Lethality of Drosophila lacking TSC tumor suppressor function rescued by reducing dS6K signaling

Thomas Radimerski 1, Jacques Montagne 1, Maja Hemmings-Mieszczak 2, George Thomas 1,3
PMCID: PMC187466  PMID: 12381661

Abstract

Tuberous sclerosis complex (TSC) is a genetic disorder caused by mutations in one of two tumor suppressor genes, TSC1 and TSC2. Here, we show that absence of Drosophila Tsc1/2 leads to constitutive dS6K activation and inhibition of dPKB, the latter effect being relieved by loss of dS6K. In contrast, the dPTEN tumor suppressor, a negative effector of PI3K, has little effect on dS6K, but negatively regulates dPKB. More importantly, we demonstrate that reducing dS6K signaling rescues early larval lethality associated with loss of dTsc1/2 function, arguing that the S6K pathway is a promising target for the treatment of TSC.
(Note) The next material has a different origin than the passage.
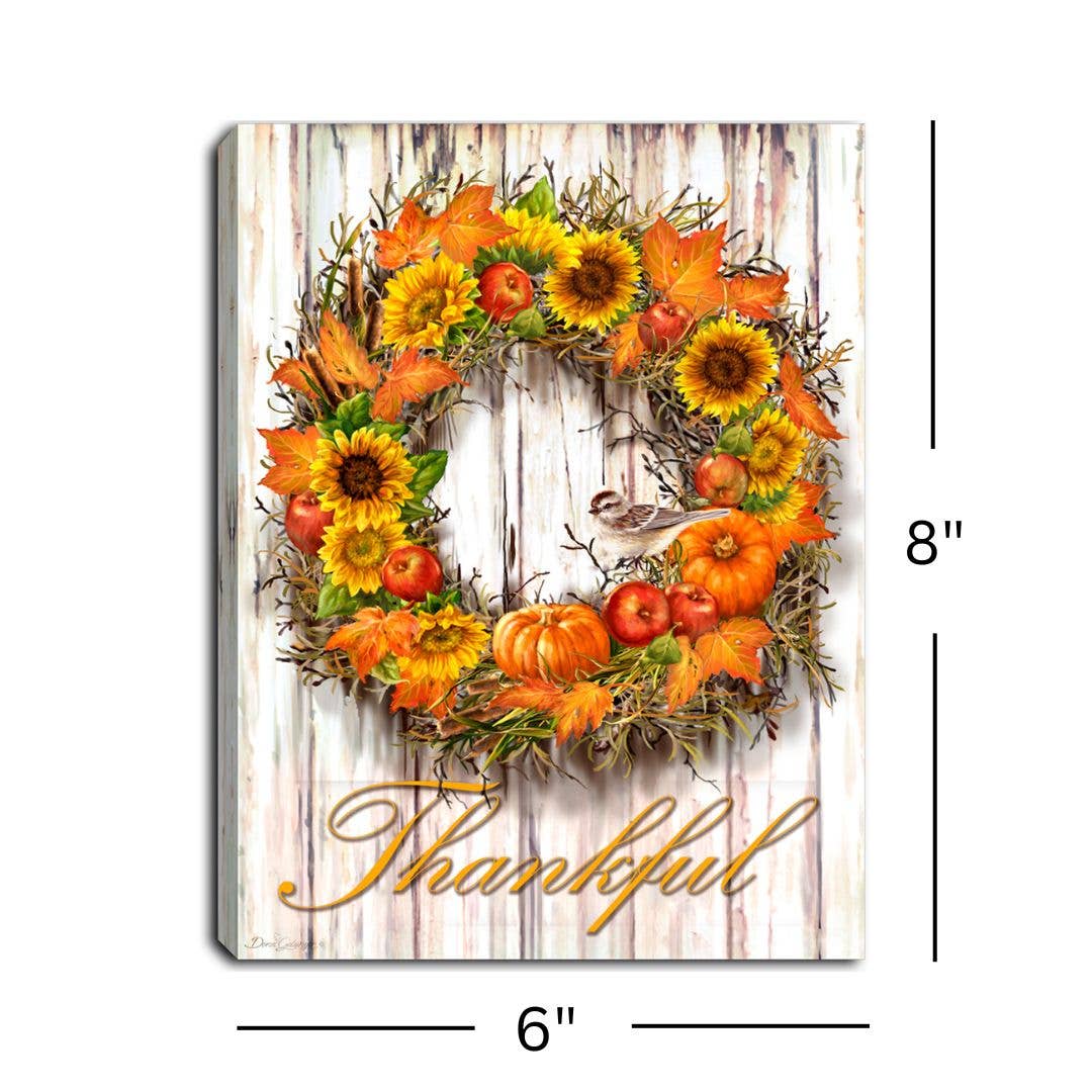 Celebrate the season of love and gratitude with our Thankful 8x6 Lighted Tabletop Canvas. This exquisite piece of art captures the essence of autumn with a stunning wreath adorned with orange leaves, pumpkins, apples, and sunflowers. A charming bird perched on the wreath adds a touch of whimsy to the scene.

Keywords: growth, TSC, S6K, TOR, PTEN, PKB

Hereditary cancers have revealed the existence of a number of tumor suppressor genes that function to control cell proliferation and maintain normal tissue homeostasis (Macleod 2000). Two tumor suppressors have been implicated in the PI3K-signaling pathway, PTEN (Cantley and Neel 1999) and more recently, a complex composed of two proteins, hamartin (TSC1) and tuberin (TSC2; Montagne et al. 2001). The lipid phosphatase PTEN, which constrains PI3K signaling by dephosphorylating its product phosphatidylinositol 3,4,5-trisphosphate (PIP3), is found mutated in a number of cancers (Cantley and Neel 1999). Mutations in either TSC1 or TSC2 are associated with widespread medically distinct tumors of the brain, eyes, skin, heart, lungs, and kidneys (Young and Povey 1998). TSC1 and TSC2 contain putative coiled-coil domains, with TSC1 having a predicted transmembrane domain and TSC2 a region similar to that of small-GTPase-activating protein (GAP) domains (Montagne et al. 2001). Although little is known concerning the growth regulatory targets of TSC1 and TSC2, genetic studies in Drosophila (Potter et al. 2001; Tapon et al. 2001) have led recently to the hypothesis that dTsc1/2 acts as a negative effector of dS6K or of a dS6K target (Potter et al. 2001). In these models, dS6K was placed as a downstream effector of dPI3K, via dPKB (Potter et al. 2001). However, dS6K and dPI3K/dPKB appear to reside on parallel growth-promoting pathways rather than functioning in a linear-signaling cascade (Radimerski et al. 2002). Seemingly consistent with these findings, in Drosophila devoid of dPTEN, dPKB appears to be the sole critical target activated by elevated PIP3 levels (Stocker et al. 2002).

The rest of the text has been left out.